*REQUIRED WORK:*
Under this line are records; the part from the line containing "Topic modelling techniques" through the line containing "Der wortkarge Söldner" should be repeated exactly. Please exclude pictures.

BEGIN DATA

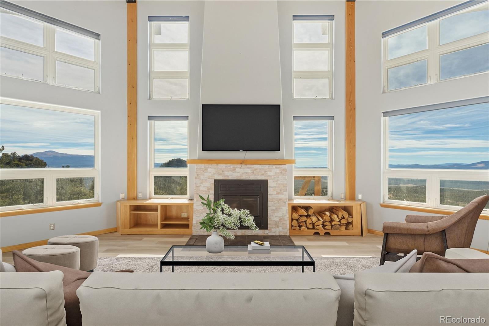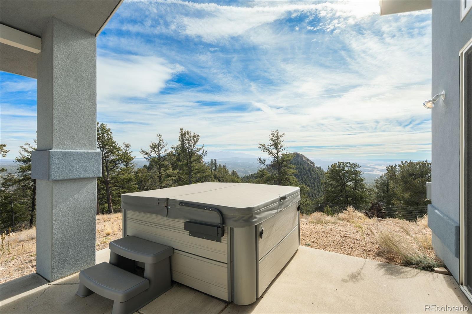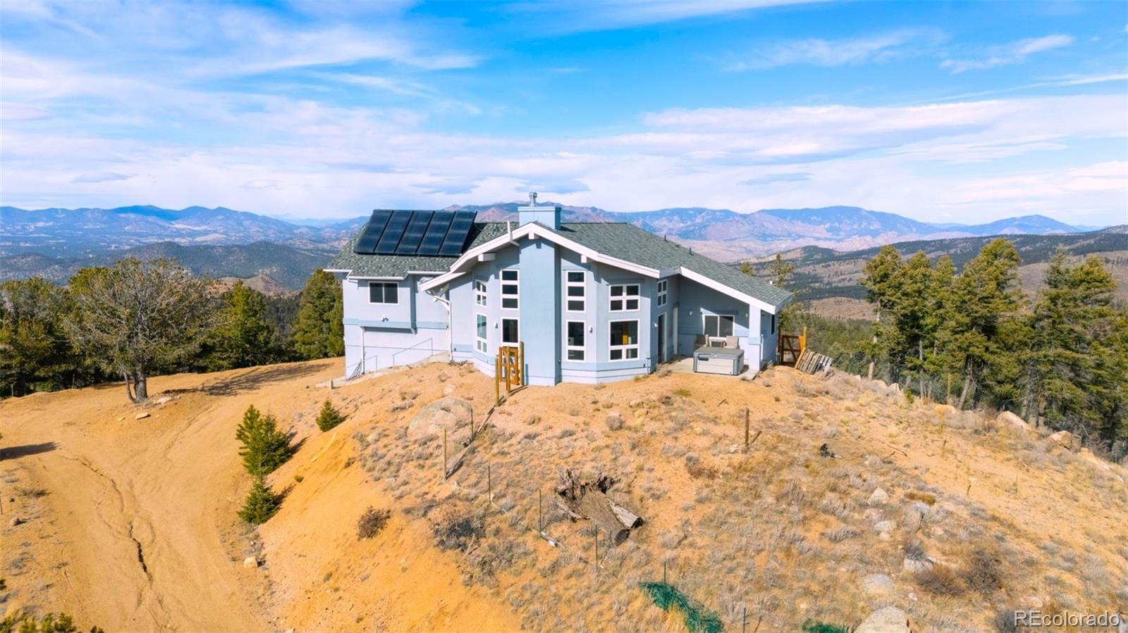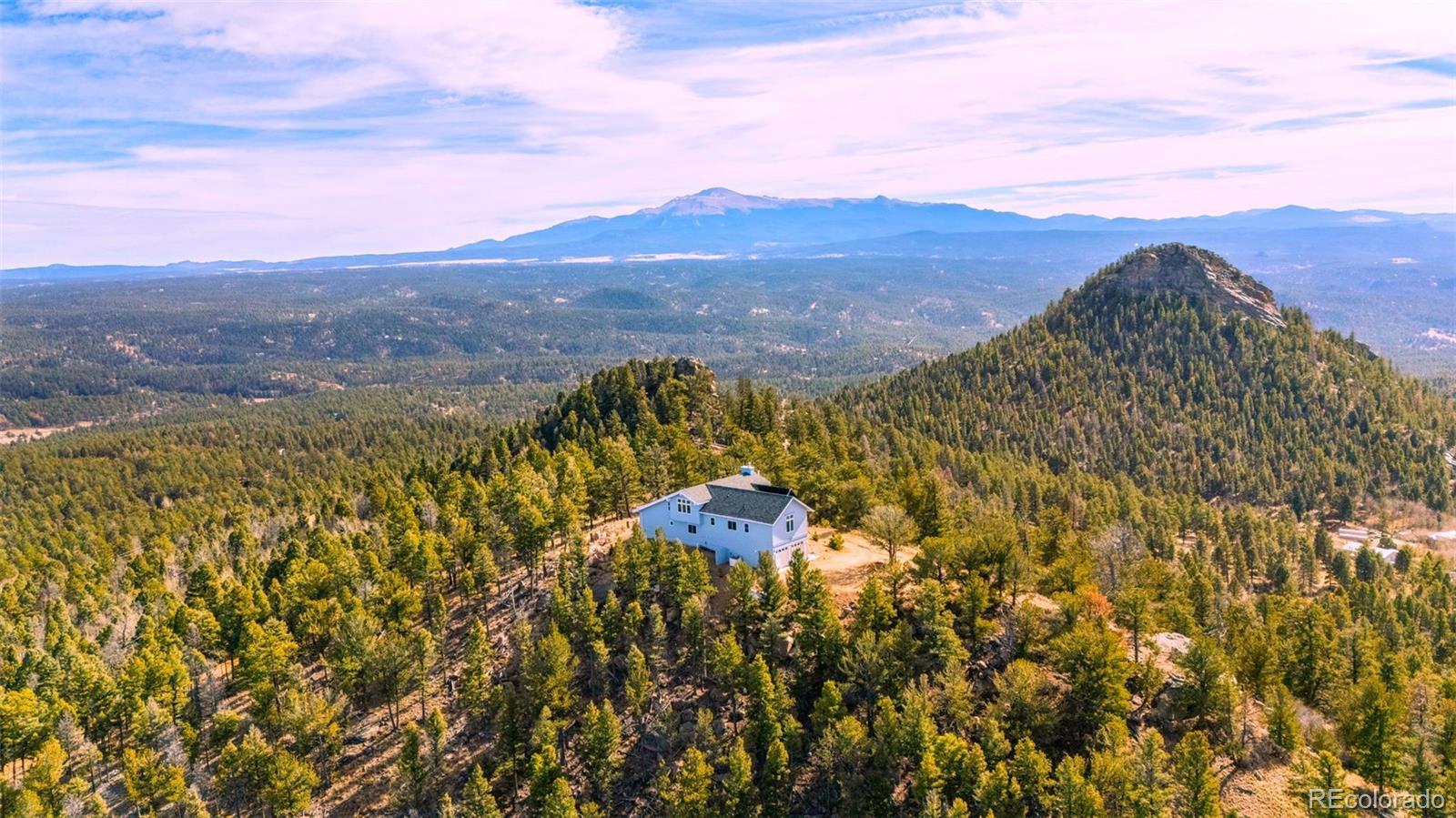 Colorado Living at its best, enjoy the high life at 9400 ft+ elevation, one of the highest points in the area! 360 degrees of spectacular views to include Crystal Peak and Pikes Peak! 14.71 Acres to enjoy the outdoors and 90 minutes from some premier ski resorts. Wood burning fireplace in the Great Room with tremendous natural light from the south facing wall of windows with endless views. The upper master bedroom has a 5-piece en-suite bath, walk in closet, and vaulted ceiling. The other 2 bedrooms are on the main level, with a full bath on the main level as well. Upstairs is a large Family room, 1/2 bath, and a space that could be used as an office that overlooks the Great room and has built in bookshelves. Walk out from the main level to the Hot Tub with tremendous views! There is an electric gate at the driveway entry, kind of your own fortress at the top of the mountain. 2 car garage with 8' garage doors. Active Solar radiant home heating and water heating saves a lot on propane costs. There is a propane boiler to supplement and backup the solar heating, the propane tank is owned. RV parking with septic hookups. New Roof 3/12/2025, class IV hail impact resistant shingle, saves on insurance. Ask your lender about significant Community Reinvestment Act incentives. Million-dollar views for much less, Come see this beautiful home today!
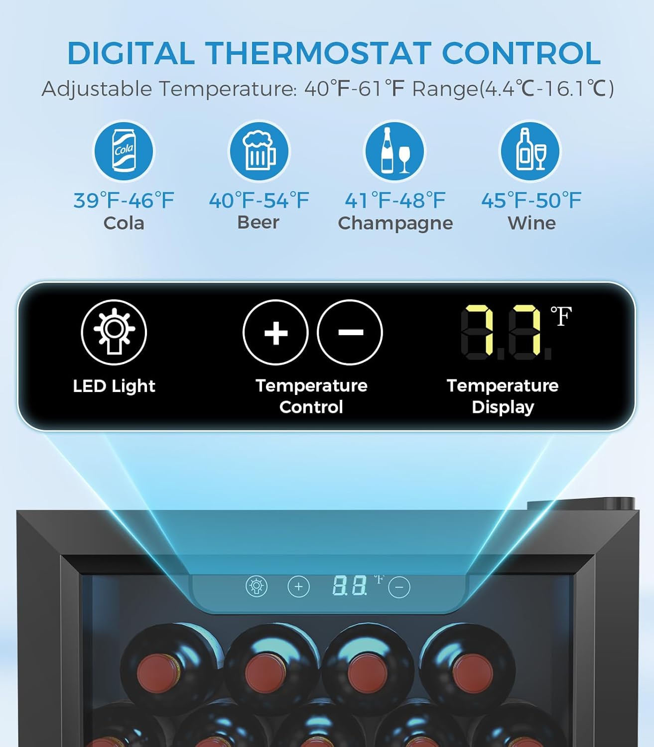 【Powerful cooling effect】- The drink fridge allows you to store beverages and alcohol under optimal temperature conditions, with a working temperature range of 40 ° F-61 ° F and a knob temperature control to allow you to customize the temperature. This beverage refrigerator will be a perfect puzzle for your office, bedroom, and entertainment room.
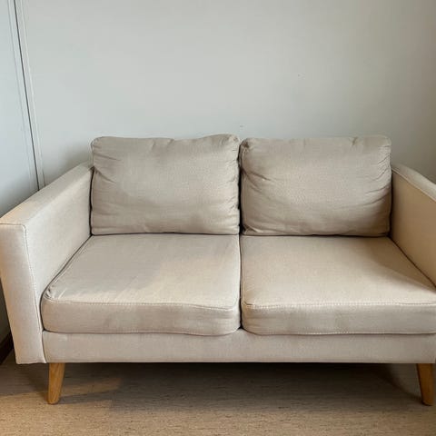 Soffan är i ett fint begagnat skick. Soffan har två mindre fläckar (se bild) och lite slitage på ett armstöd (se bild). Soffan har avtagbara sitt- och ryggdynor och finns i ett djur-och rökfritt hem.
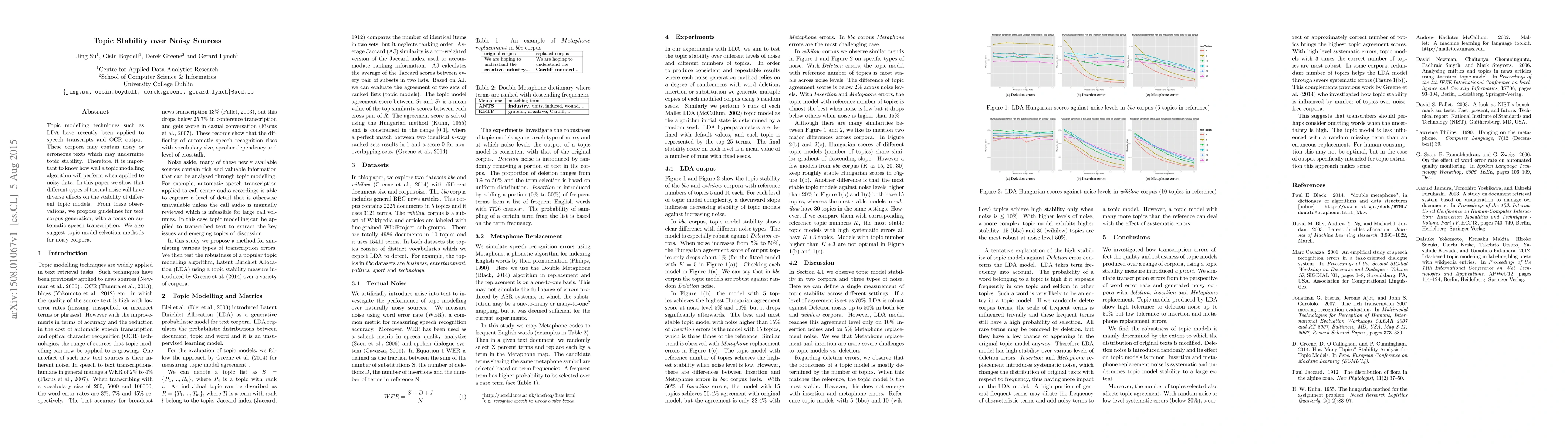 Topic modelling techniques such as LDA have recently been applied to speech transcripts and OCR output. These corpora may contain noisy or erroneous texts which may undermine topic stability. Therefore, it is important to know how well a topic modelling algorithm will perform when applied to noisy data. In this paper we show that different types of textual noise will have diverse effects on the stability of different topic models. From these observations, we propose guidelines for text corpus generation, with a focus on automatic speech transcription. We also suggest topic model selection methods for noisy corpora.
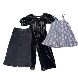 Old Navy Black Velvet jumpsuit size 2T , dress size 18-24m and Jessica Simpson baggy jeans size 24m Elegant black velvet dress with gathered sleeves. $25Sacramento, CA
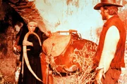 Der wortkarge Söldner Hogan (Clint Eastwood, r.) rettet die als Nonne verkleidete Prostituierte Sara (Shirley MacLaine, l.) vor drei Männern, die sie bedrängen. Zwischen beiden entsteht eine tiefe Verbundenheit, die sie von ihrem eigentlichen Plan abbringt ...
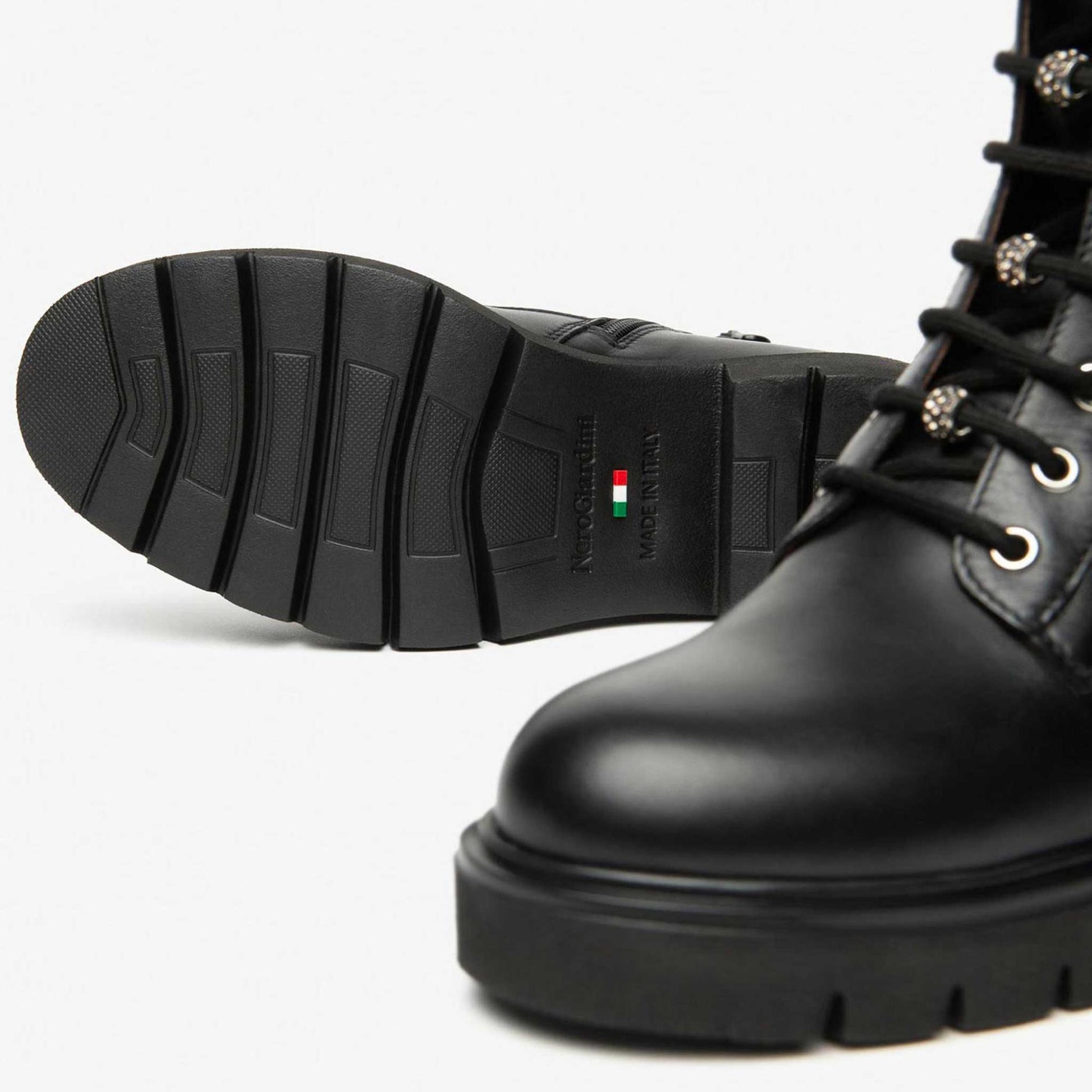 Anfibi NeroGiardini, personalità e stile unico. Le calzature NeroGiardini sono realizzate in Italia, utilizzando materiali di qualità e le più avanzate tecniche di lavorazione. Ogni scarpa è il risultato della esperta competenza artigiana tramandata di generazione in generazione. Tutti i modelli sono progettati per offrire comodità e versatilità in ogni momento della giornata, dal lavoro alla serata speciale. Il reparto stile NeroGiardini è costantemente alla ricerca di nuove tendenze per offrire calzature sempre attuali e originali. NeroGiardini propone anche una collezione di borse, perfettamente abbinabili alle calzature, per un total look Made in Italy impeccabile.La soletta in poliuretano DryGo!®, oltre alle capacità di assorbimento del sudore e di asciugatura rapida, che mantengono il piede asciutto in qualsiasi condizione climatica, offre anche l'innovativa funzione Memory ad elevato assorbimento degli urti, che si modella delicatamente al piede garantendo comfort e benessere. La produzione Made in Italy delle calzature NeroGiardini è sottolineata dal tricolore impresso sulle suole e sul packaging.
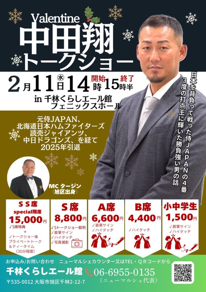 2月11日開催!【中田翔バレンタイントークショー】 2月11日(水) 当館3階フェニックスホールにて 中田翔さんバレンタイントークショー が開催されます! 下記サイトからお申込みください。 →→中田翔バレンタイントークショー ※当館1階スーパーニューマルシェ(サービスカウンター)でもお申込みいただけます。
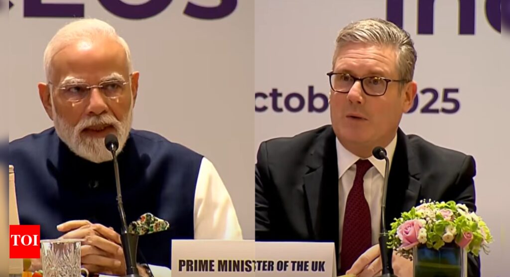 NEW DELHI: Prime Minister Narendra Modi and UK PM Keir Starmer, who is on visit to India, addresses the India-UK CEO Forum in Mumbai on Thursday, talking about market access, bilateral trade and economic cooperation between the two nations with target of doubling trade by 2030 from current $56 billion. “This year has been unprecedented, enhancing the stability of India-UK relations amid the current global volatility. During my visit to the UK in July this year, we signed the Comprehensive Economic and Trade Agreement (CETA). I deeply appreciate and congratulate my friend Prime Minister Starmer for his commitment and vision for this historic achievement. This is not just a trade agreement, but a roadmap for shared progress, shared prosperity, and shared people between the world’s two largest economies,” said PM Modi.Further referring to the likely impact of the agreement, he added, “Along with market access, this agreement will strengthen MSMEs in both countries. It will also open new doors of employment for millions of youth.”Then he went on to explain CETA saying, “To ensure that this Comprehensive Economic and Trade Agreement (CETA) reaches its full potential, I would like to present four new dimensions to this CETA. These new dimensions of my CETA will perhaps broaden it considerably. ‘C’ stands for Commerce and Economy. ‘E’ stands for Education and People-to-People Relations. ‘T’ stands for Technology and Innovation. ‘A’ stands for Aspiration.“Further talking about the hopes to increase trade PM also said, “Today, our bilateral trade is approximately $56 billion. We have set a target of doubling it by 2030. I am confident that we can achieve this target ahead of time.”

END DATA

*SOLUTION TO THIS TASK:*
 Topic modelling techniques such as LDA have recently been applied to speech transcripts and OCR output. These corpora may contain noisy or erroneous texts which may undermine topic stability. Therefore, it is important to know how well a topic modelling algorithm will perform when applied to noisy data. In this paper we show that different types of textual noise will have diverse effects on the stability of different topic models. From these observations, we propose guidelines for text corpus generation, with a focus on automatic speech transcription. We also suggest topic model selection methods for noisy corpora.
 Old Navy Black Velvet jumpsuit size 2T , dress size 18-24m and Jessica Simpson baggy jeans size 24m Elegant black velvet dress with gathered sleeves. $25Sacramento, CA
 Der wortkarge Söldner Hogan (Clint Eastwood, r.) rettet die als Nonne verkleidete Prostituierte Sara (Shirley MacLaine, l.) vor drei Männern, die sie bedrängen. Zwischen beiden entsteht eine tiefe Verbundenheit, die sie von ihrem eigentlichen Plan abbringt ...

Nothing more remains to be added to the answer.